In reality, most are friendly institutions that will give honest assessments of your possession or target item and guide you through the process.
The sales can be fun, too, though it is worth remembering that the auction house is a business and not a charity.
Freelance auctioneer David Porter is a regular face at many of the top gun sales in the country, especially at the specialists Holts. He believes it pays to go with a large, reputable house rather than take your chances with a smaller outfit: “I am biased,” he admitted, “but I would always say the bigger the better. You need people who are enthusiastic and passionate about selling a gun that is dear to you it makes a difference.”
“You want a big team of experts to consult as they will have a wider knowledge. It is a question of trust that the estimation and reserve prices are accurate.”

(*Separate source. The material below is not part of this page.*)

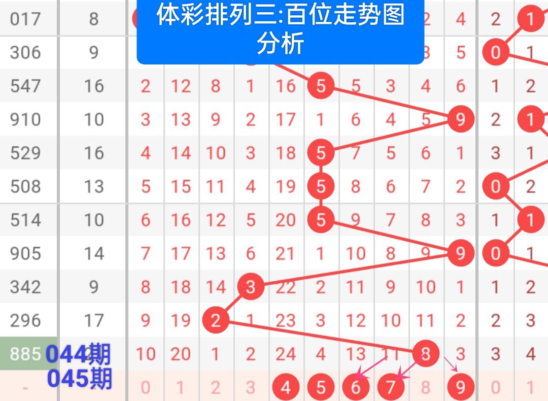 首先我们分析下:体彩排列三:2024045期百位走势图定位分析
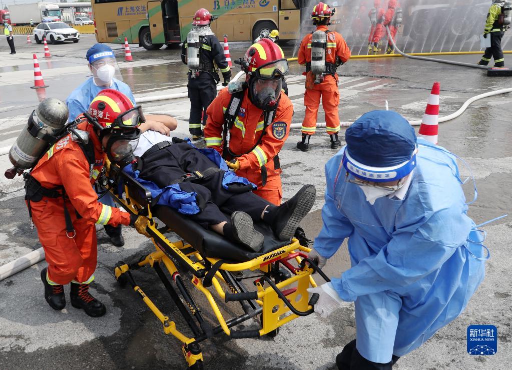 8月30日,急救人員與消防員在演練中用擔架轉運“受傷人員”。

There is an age-old joke of the punter waving to his friend across the room and accidentally buying an expensive lot. Indeed, David often uses it to relieve tension and raise a few laughs. However, in reality, there is no chance of it happening, as David points out, “Over the years, the auctioneer learns the body language of someone who wants to bid. They tend to sit up in their chair or catch your eye. It doesn’t matter if you raise your hand, wink or wave your programme, I’ll soon catch on.”
However, if you do bid, then you must be prepared to stump up the cash: “When the hammer falls, a legal contract is formed, as strong as if you had signed a piece of paper. If you were to walk out of the room or refuse to pay, then you could be legally pursued. It can be disruptive, but in my 15 years of selling guns, this rarely happens. Bidders at firearms auctions are more heavily vetted than others.”